Defendants emphatically argue that, plaintiff's allegations in this case notwithstanding, plaintiff's HISL hotel has been extremely successful and profitable. See Mot. Mem. at 3; Defendants' Response to Objections of Lake Wright et al. ("Defs.' Resp. to Objections," Docket No. 198) at n. 5 and accompanying text. Plaintiff's own manager, Mr. Desai, admitted that its HISL hotel in Norfolk commands a higher room rate than a regular Holiday Inn. See, e.g., Defs.' Resp. to Objections at 15. Herein lies the fundamental flaw in plaintiff's theory that defendants created HISL as a "halo" to burnish the reputation of the core Holiday Inn brand at the expense of HISL franchisees. Plaintiff seeks to compare HISL to Ralph Lauren's ultra high-end Purple Label line of clothing, which according to plaintiff was created by the designer not as an actual product to be sold or profited from in its own right, but instead purely as a marketing device to enhance, on its coattails, the prestige of the designer's less-expensive clothing lines. See Opp'n at 32. The record of this case belies any such comparison. Although it appears clear from the evidence that defendants did intend HISL to yield reputational benefits to the core Holiday Inn brand, HISL hotels were not merely marketing devices; they were real, functioning hotels that sought to cater to the needs of business travelers. This case does not allege that individual HISL hotels failed to attract guests or yield revenues to their franchisees or defendants; indeed, the evidence shows precisely the opposite, that HISL accounted for a substantial portion of defendants' revenues for many years. Plaintiff's own HISL hotel continues to be extraordinarily successful. Instead, as noted above, the simple reality underlying this case is that, despite defendants' protracted efforts, the HISL brand failed to attract enough HISL franchisees to make it viable in the long term. There is simply no fraud to be found in this case.

C. The R R Did Not Err in Recommending Summary Judgment on Plaintiff's Breach of Contract Claims (Count IV)

The R R provides a succinct analysis of the provisions of the License Agreement allegedly breached by defendants and concludes that the provisions, by their very terms, clearly do not require or prohibit, respectively, the omissions or conduct that plaintiff claims as the bases of its breach of contract claims.

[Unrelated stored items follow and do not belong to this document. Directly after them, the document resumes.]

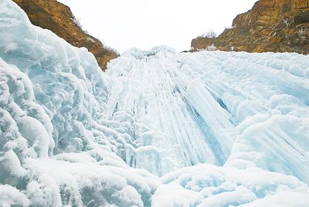 往日飛流直下的山泉瀑布,在冬日里幻化成一排排幾十米寬的銀瀑,從崖壁上垂瀉而下。山谷下,石壁間,清一色的玉白,宛如一座巨大的冰簾,順著崖壁的走勢,或凸出或凹進,層層疊疊將整個峽谷環抱起來。冰瀑、冰簾、冰柱、冰舌,有的相銜相連,有的各自為政,交替排列。如雕似塑,似瑪瑙,像琉璃,晶瑩透亮。冰下暗流涌動,嘩嘩的水聲,由高到低在冰下輕響。一時間,仿佛置身于潔白無瑕的童話世界。朋友不住地贊嘆:“這才是真正的冰清玉潔!”
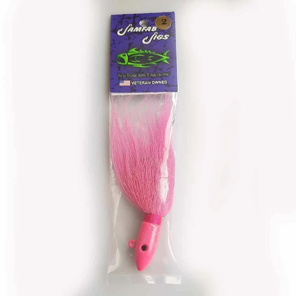 Prop 65 Warning CAThe Banana jigs feature the finest fibers available, heavy duty corrosion resistant saltwater hooks and handcrafted quality and durability. Available in White Heads with variant color hair. Using the Bullet Shape Jig, is perfect for different lure fits and excellent shape For Speed and Accuracy when moving across the water.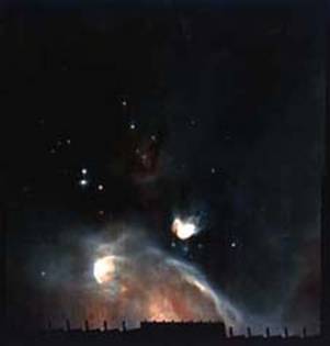 Imagine obtinuta cu ajutorul telescopului cu infrarosu . imaginea nu se poate vedea cu un telescop optic pentru ca lumina vizibila e blocata de praful din jurul stelelor care se nasc iar radiatia infrarosie nu.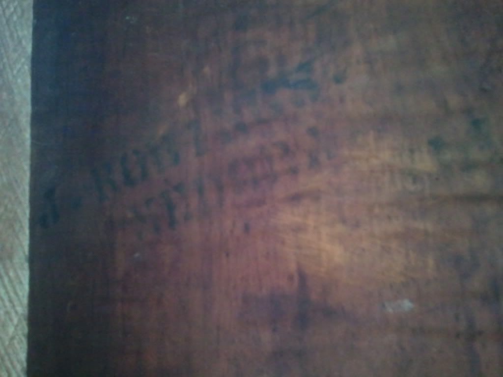 According to my grandmother. My great great grandmother, purchased this table used from a local auction around 1907ish (around the time my great grandfather was born). While sanding some of the grime off under the table top, I noticed a very faint stencil almost unreadable.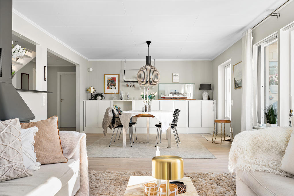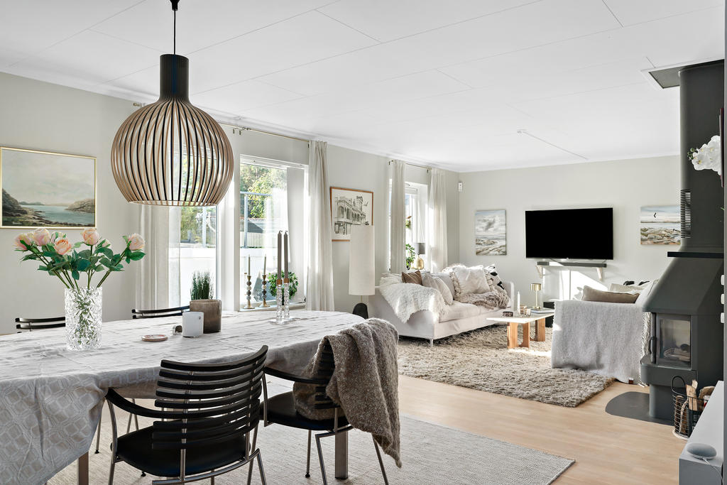 Mitt i rummet står den öppna spisen – hemmets hjärta – som sprider både värme och ro under kyliga kvällar. Tack vare den generösa ytan ryms både soffgrupp och ett stort matsalsbordet där familj och vänner kan samlas.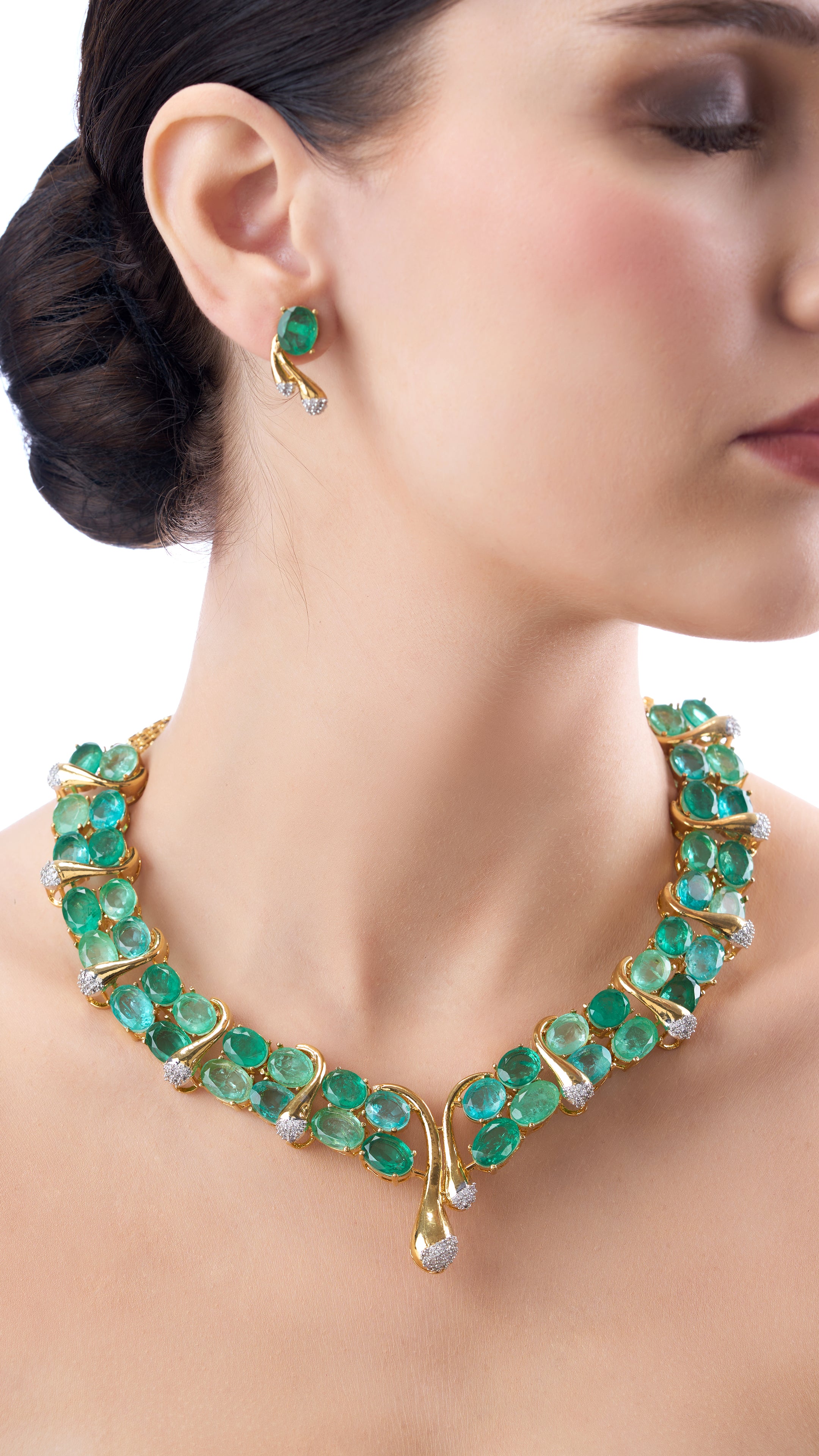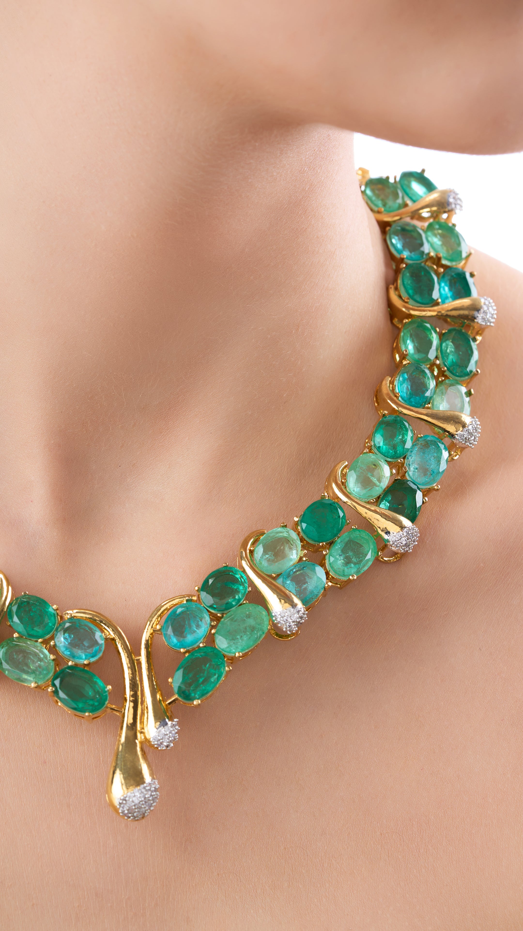Elegant necklace set featuring semi precious aqua stones and mossainites, blending serene hues with graceful design for a refined look

In light of the clear, straightforward nature of the contractual provisions at issue, this court's analysis would not differ from the R R's in any material respect. Accordingly, this court accepts the R R's analysis and conclusions with respect to Count IV of plaintiff's amended complaint.

D. The R R Did Not Err in Recommending Summary Judgment on Plaintiffs Claim for Alleged Breach of the Implied Covenant of Good Faith and Fair Dealing (Count II)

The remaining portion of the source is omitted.